Key SVG accessibility elements:

  • <title> — Short accessible name (like alt text for images)
  • <desc> — Longer accessible description
  • role="img" — Tells screen readers this SVG is a single image, not a group of shapes
  • aria-labelledby — Points to the title and/or desc elements
  • aria-hidden="true" — Hides decorative SVGs from screen readers
  • focusable="false" — Prevents keyboard focus on decorative SVGs (IE/Edge legacy issue)

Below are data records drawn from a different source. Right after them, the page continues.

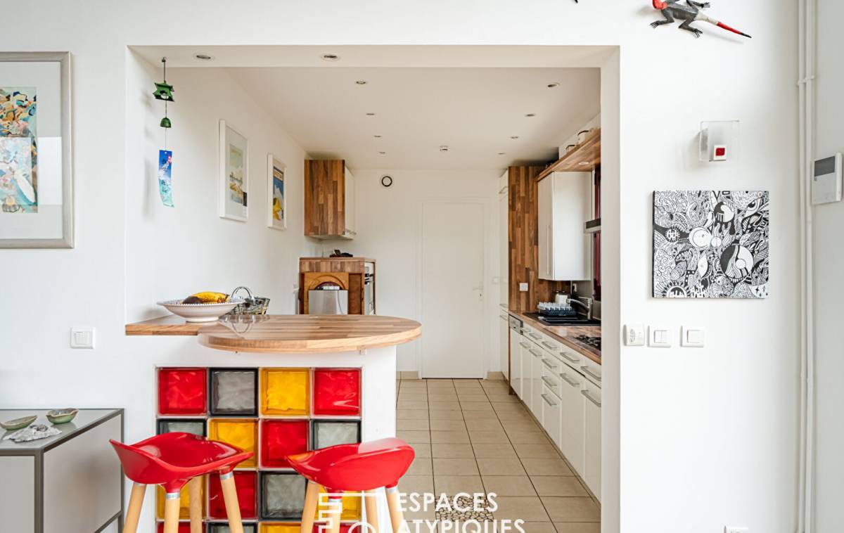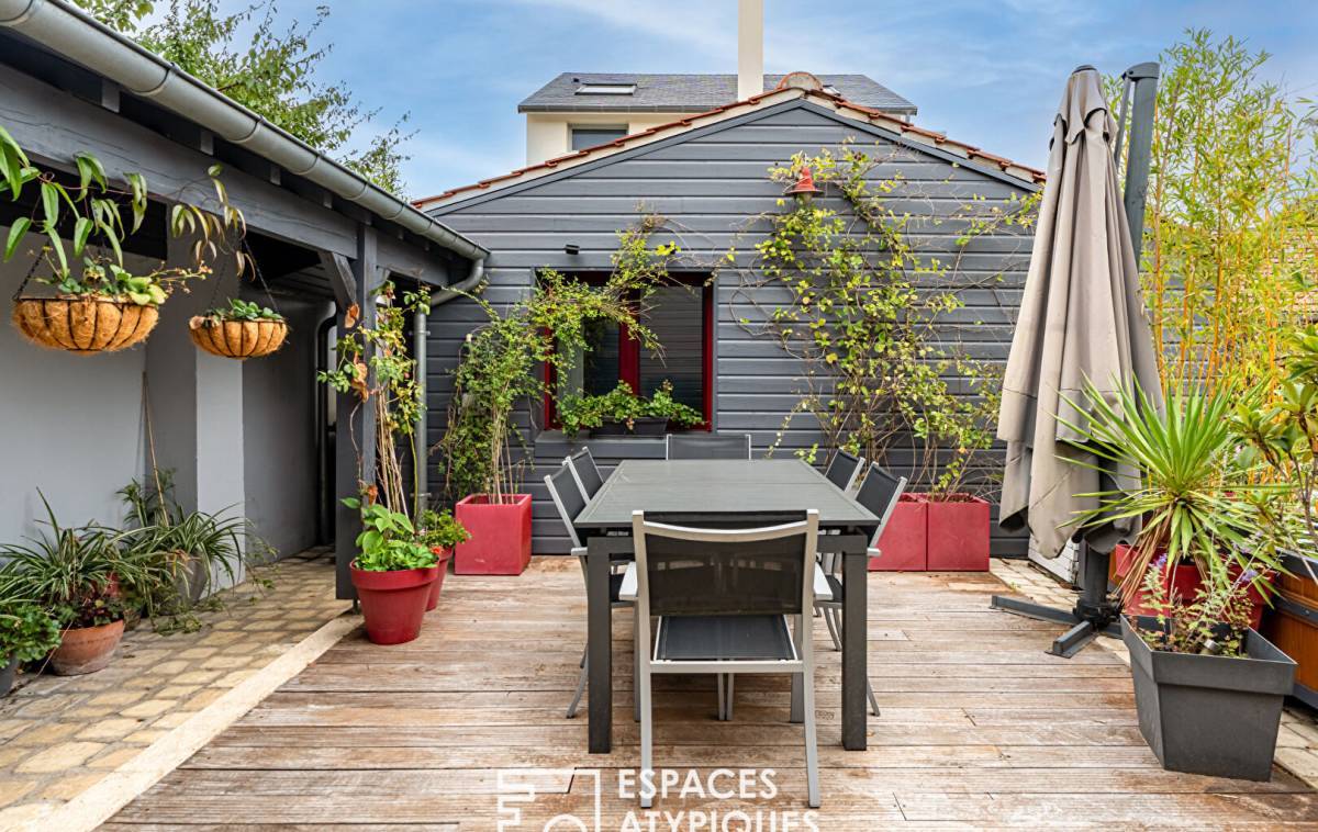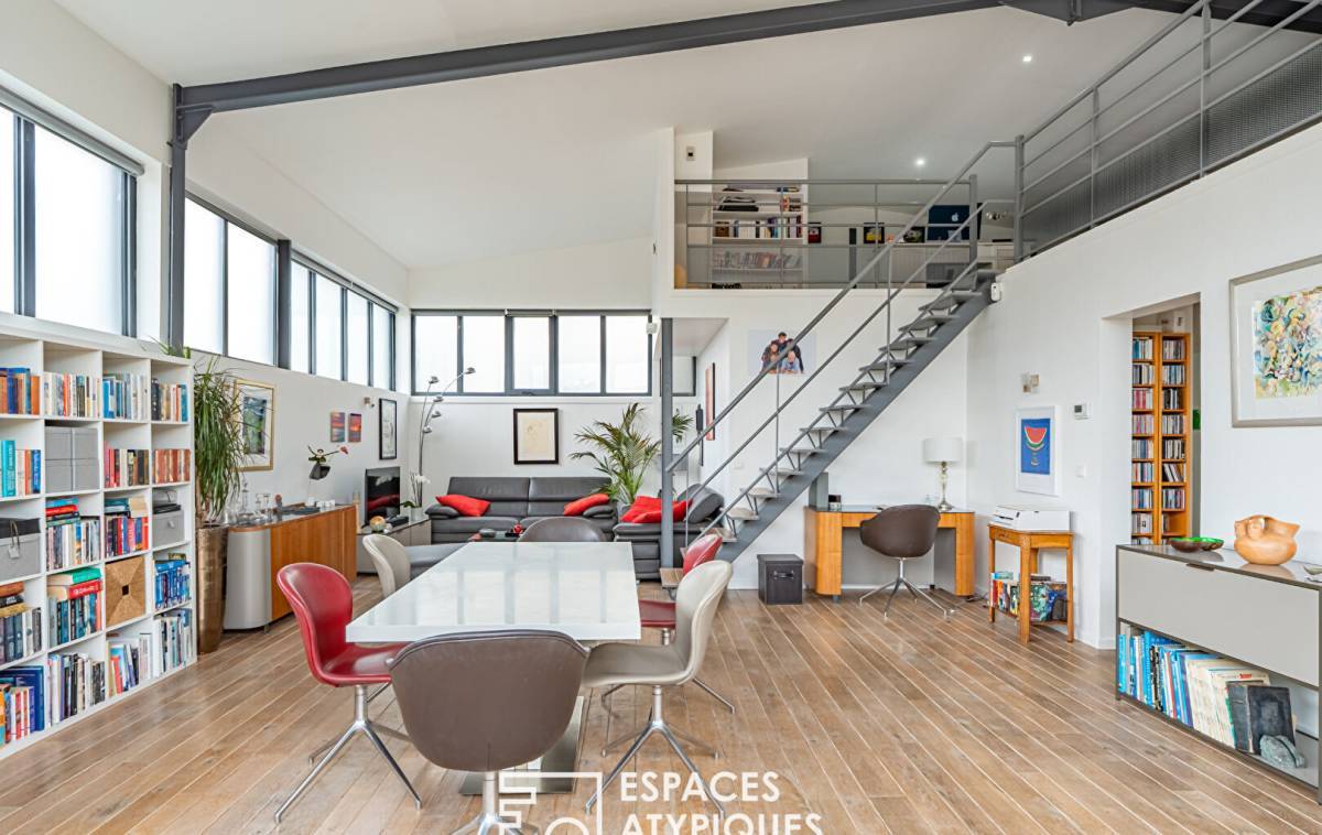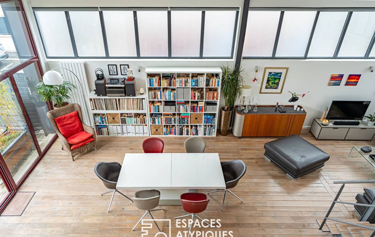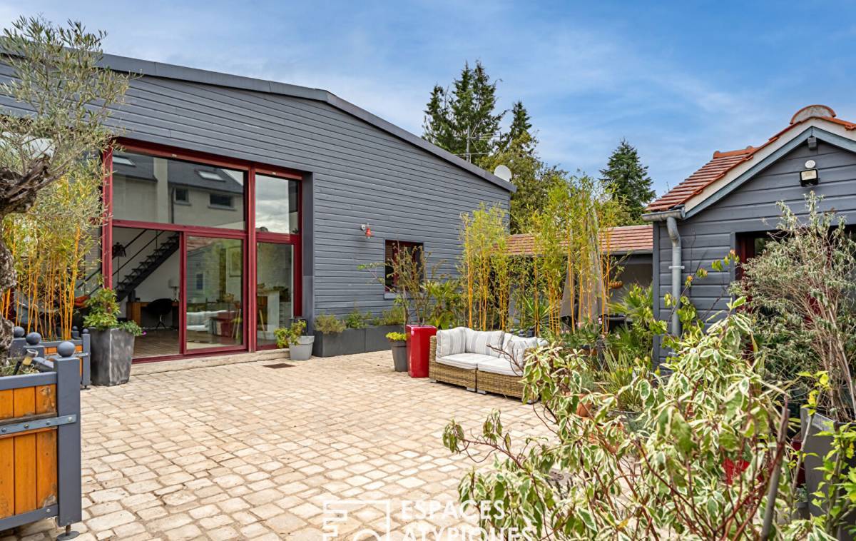 In Mesnil-le-Roi, this former workshop, built in 1920 and transformed into a loft by an architect in 2005, offers approximately 142 sqm of living space (215 sqm of floor space) on a 280 sqm plot. This rare property combines the original industrial character with a perfectly designed contemporary renovation, featuring solid oak parquet floors, exposed metal beams, and modern amenities. A unique opportunity to acquire a loft for sale in Yvelines, close to Maisons-Laffitte. The interior space is organized around a bright cathedral-style living room, opening onto a fitted kitchen. Two bedrooms (including a master suite), a bathroom, a shower room, a toilet, and a storage room complete the ground floor. A mezzanine, less than 1.80 m high, accommodates an additional bedroom and an office space. An independent 23 sqm studio with a shower room and WC is an additional asset, ideal for a teenager, a guest, or a professional activity. The property also includes a closed garage, an underground helical wine cellar, and several parking spaces. Outside, the landscaped paved courtyard provides an intimate and friendly atmosphere. The amenities enhance comfort: underfloor heating with a Viessmann boiler, a heat pump installed in 2022, home automation (roller shutters, automatic gate and garage door, alarm, videophone), fiber optics, and a Green'Up charging point for electric vehicles. The location is particularly attractive: a 2-minute walk from the bus stops leading to the RER A and the Maisons-Laffitte SNCF train station, the town center, its shops, schools, and services are easily accessible. A 2-minute walk from the bus stop to the Lycée International de St.Germain-en-Laye. Lycée International Ermitage is a 7-minute bus ride away. An atypical and modernized loft, designed to combine character, comfort and practicality in Mesnil-le-Roi. Available from 1/7/2026 DPE: Energy Class E / Climate Class E. Average energy prices indexed for the years 2021, 2022, 2023 (subscriptions included): between 2440 euros and 3360 euros.
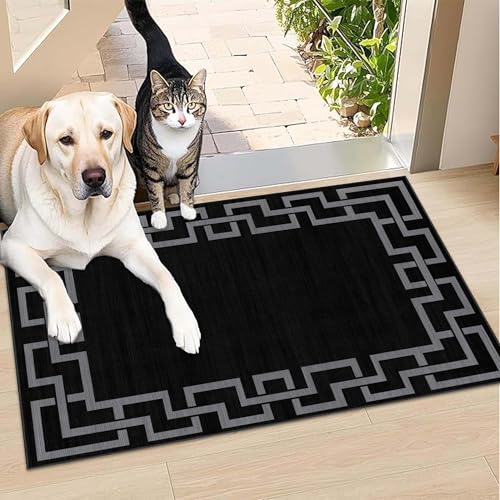 DEXI Dirt Trapper Door Mat Indoor, Non-slip Doormats Inside, Machine Washable, Super Absorbent Entrance Mats Soft Floor Carpet Rug, 60 x 90 cm, Black-Grey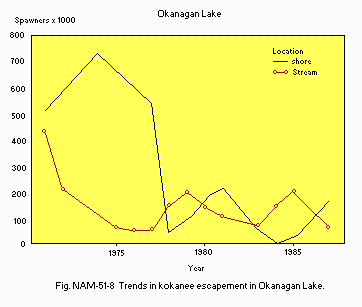 Title : Trends in kokanee escapement, by location (before 1975 - after 1985)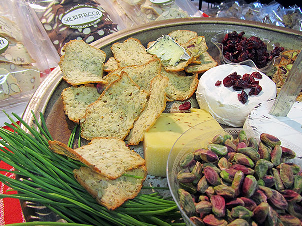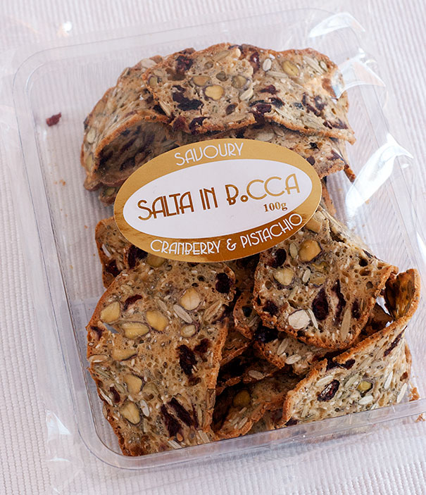 So instead we have for your viewing pleasure this wonderful savoury bread twice baked like an almond bread. It’s served with cheese and is really delicious. Therese from Salta in Bocca in Adelaide gave it to us as a gift during our Flavours of Campbelltown tour. Here’s what the other variety looks like in her cheese platter.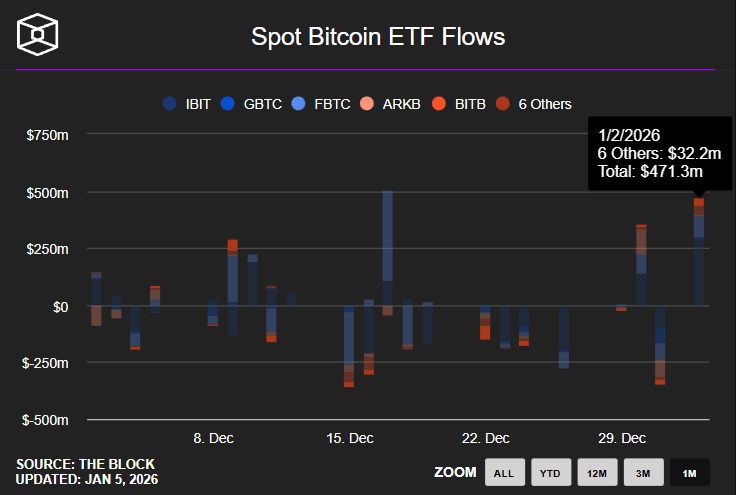 On January 2, U.S.-based spot Bitcoin ETFs saw $471.3 million in net inflows, while Ethereum ETFs attracted $174.5 million, totaling $646 million, the largest combined daily haul in weeks. This "January effect" follows $6 billion in outflows late 2025, attributed to tax-loss harvesting, and signals rebounding institutional demand.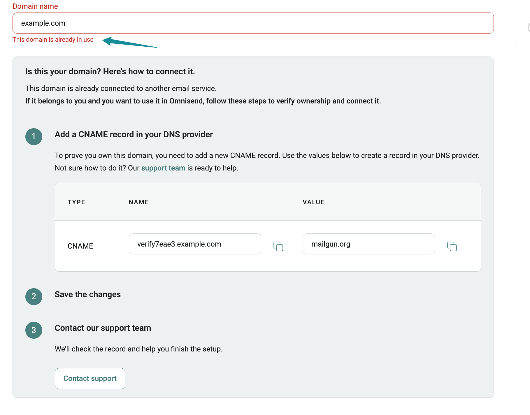 Troubleshooting the sender domain signature is now clearer and more actionable. Suppose you attempt to add a sender domain already connected to another Omnisend account or another service. In that case, you'll see clear in-app steps for troubleshooting this and authenticating your domain.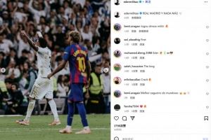 他也在赛后通过社媒晒出自己的振臂庆祝照并配文:“皇家马德里,无需多言!”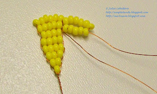 Нижний ярус - снова уменьшаем количество бисеринок, набираем всего 2 жёлтые бисеринки.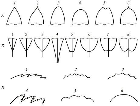Разнообразие форм верхушки, основания и края листовой пластинки: А – верхушка: 1 – острая; 2 – оттянутая; 3 – туповатая; 4 – округлая; 5 – выемчатая; 6 – с остроконечием; Б – основание: 1 – узкоклиновидное; 2 – клиновидное; 3 – ширококлиновидное; 4 – нисбегающее; 5 – усеченное; 6 – округлое; 7 – выемчатое; 8 – сердцевидное; В – край: 1 – пильчатый; 2 – зубчатый; 3 – выемчатый; 4 – двоякопильчатый; 5 – городчатый; 6 – цельный

Video Captions: The Element and WebVTT

Captions are required for accessible video. The <track> element provides captions in WebVTT format:

<video controls width="1280" height="720" preload="metadata" poster="thumb.jpg">
  <source src="tutorial.webm" type="video/webm">
  <source src="tutorial.mp4" type="video/mp4">
  
  <!-- Captions (dialogue + relevant sounds) -->
  <track kind="captions" src="captions-en.vtt" srclang="en" label="English" default>
  <track kind="captions" src="captions-es.vtt" srclang="es" label="Español">
  
  <!-- Subtitles (dialogue only, no sound descriptions) -->
  <track kind="subtitles" src="subtitles-fr.vtt" srclang="fr" label="Français">
</video>

WebVTT format:

WEBVTT

00:00:01.000 --> 00:00:04.500
Welcome to this tutorial on file conversion.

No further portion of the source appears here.